> **Your assignment**:
Reproduce the data below exactly. Skip the pictures.

Entries taken from a collection
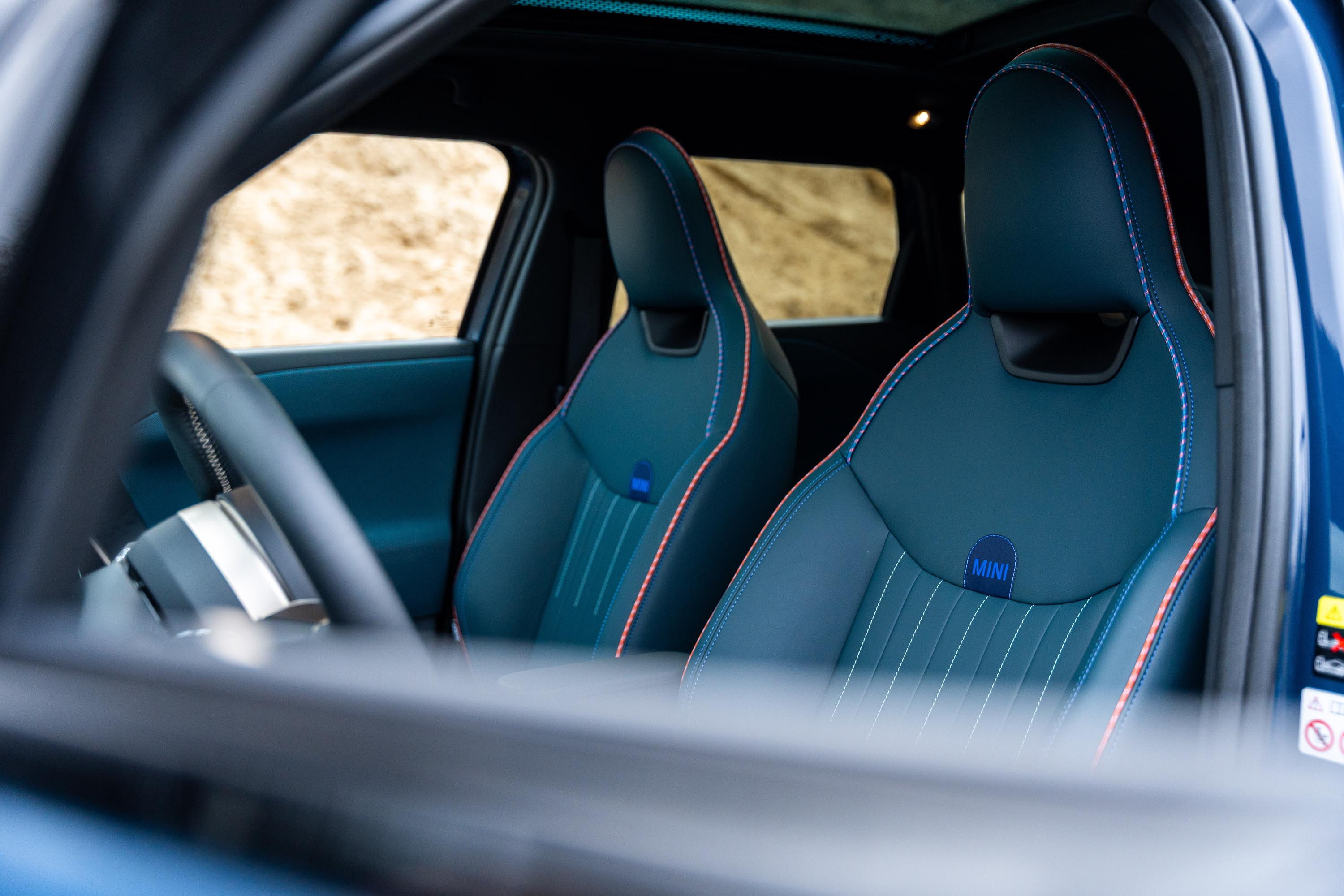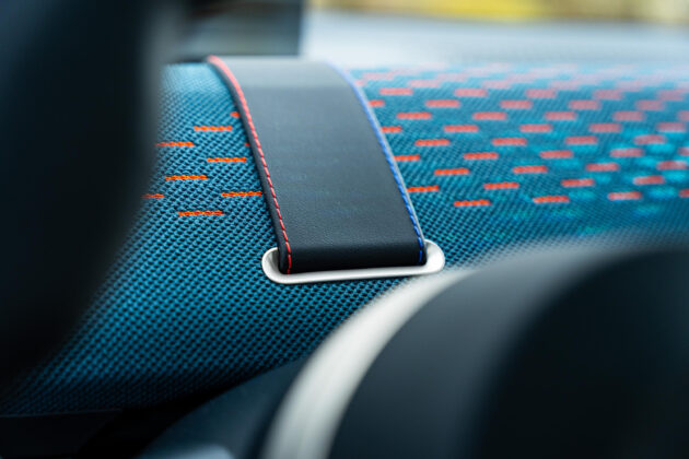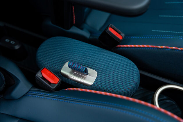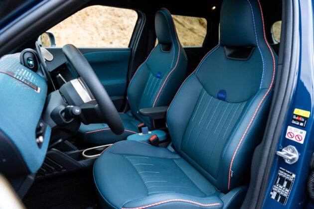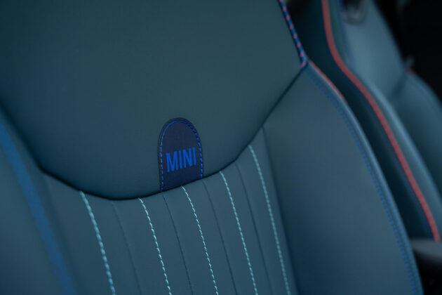В най-високото оборудване Favoured, което имахме удоволствието да споделим, арматурно табло е покрито с двуцветен текстилен плетен материал, чийто „дупки“ на плетката през нощта светят, благодарение на амбиентното осветление в купето, което може да се сменя в различни цветове. Предните удобни седалки имат добра странична и регулируема лумбална опора. Има и две поставки за напитки между предните седалки, а зад тях се намира малка кутия с капак за съхранение на вещи. Има и симпатична жабка, в стила на MINI. Багажникът e с обем от 300 литра, който може да се увеличи до 1005 литра при сгънати задни облегалки в съотношение 60:40.
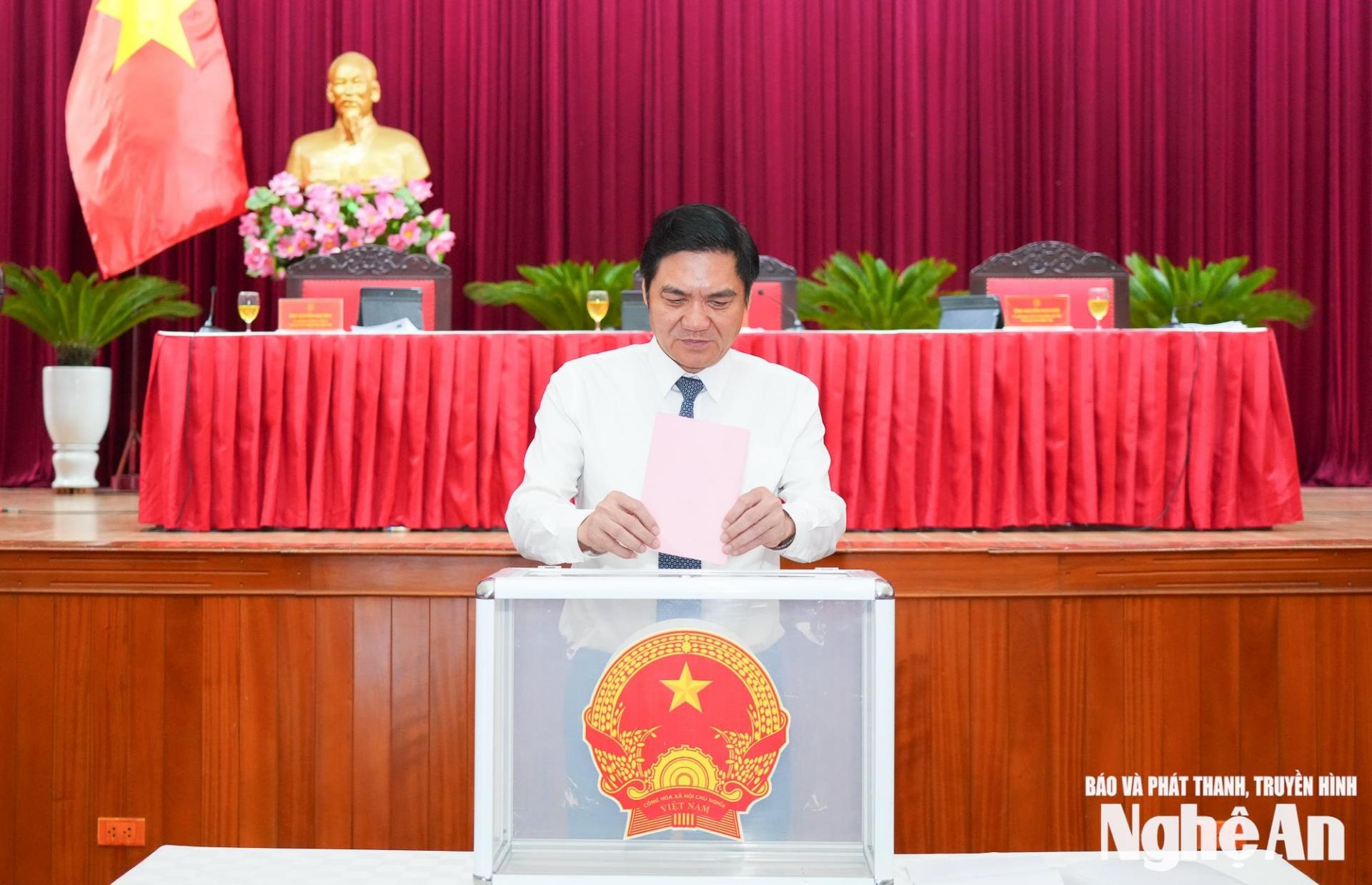 | Đồng chí Hoàng Nghĩa Hiếu - Phó Bí thư Thường trực Tỉnh ủy, Chủ tịch HĐND tỉnh bỏ phiếu bầu Ủy viên UBND tỉnh nhiệm kỳ 2021-2026. |
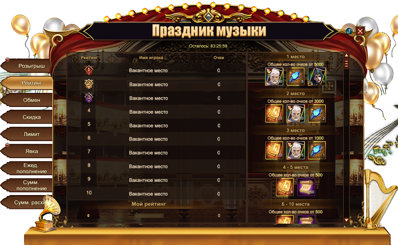 За участие в Розыгрыше вы получаете специальные очки, определяющие ваше положение в Рейтинге фестиваля. В зависимости от положения в рейтинге можно получить: Свитки славыСущность артефакта[Фрагмент карты] ТюрФиолетовые свитки опыта и даже героя класса UR - несравненную Брунгильду
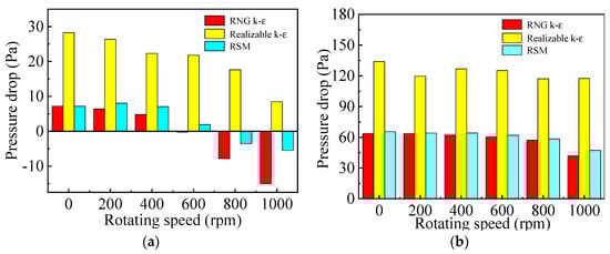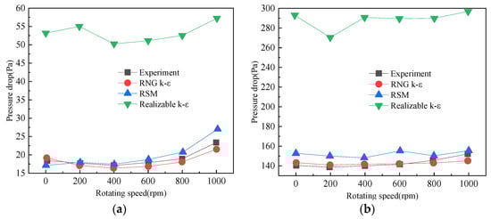The pressure drop in cavity zone A for three turbulence models at different rotating speeds. (a) Gas flow rate of 200 m3·h−1; (b) gas flow rate of 800 m3·h−1.
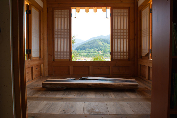 좌식문화가 풍경작용에 유리한 점은 또 있다. 한옥의 방은 천장이 낮다. 좌식문화에 맞춘 스케일인데, 그래서

> **Solution to this problem**:
В най-високото оборудване Favoured, което имахме удоволствието да споделим, арматурно табло е покрито с двуцветен текстилен плетен материал, чийто „дупки“ на плетката през нощта светят, благодарение на амбиентното осветление в купето, което може да се сменя в различни цветове. Предните удобни седалки имат добра странична и регулируема лумбална опора. Има и две поставки за напитки между предните седалки, а зад тях се намира малка кутия с капак за съхранение на вещи. Има и симпатична жабка, в стила на MINI. Багажникът e с обем от 300 литра, който може да се увеличи до 1005 литра при сгънати задни облегалки в съотношение 60:40.
 | Đồng chí Hoàng Nghĩa Hiếu - Phó Bí thư Thường trực Tỉnh ủy, Chủ tịch HĐND tỉnh bỏ phiếu bầu Ủy viên UBND tỉnh nhiệm kỳ 2021-2026. |
 За участие в Розыгрыше вы получаете специальные очки, определяющие ваше положение в Рейтинге фестиваля. В зависимости от положения в рейтинге можно получить: Свитки славыСущность артефакта[Фрагмент карты] ТюрФиолетовые свитки опыта и даже героя класса UR - несравненную Брунгильду
The pressure drop in cavity zone A for three turbulence models at different rotating speeds. (a) Gas flow rate of 200 m3·h−1; (b) gas flow rate of 800 m3·h−1.
 좌식문화가 풍경작용에 유리한 점은 또 있다. 한옥의 방은 천장이 낮다. 좌식문화에 맞춘 스케일인데, 그래서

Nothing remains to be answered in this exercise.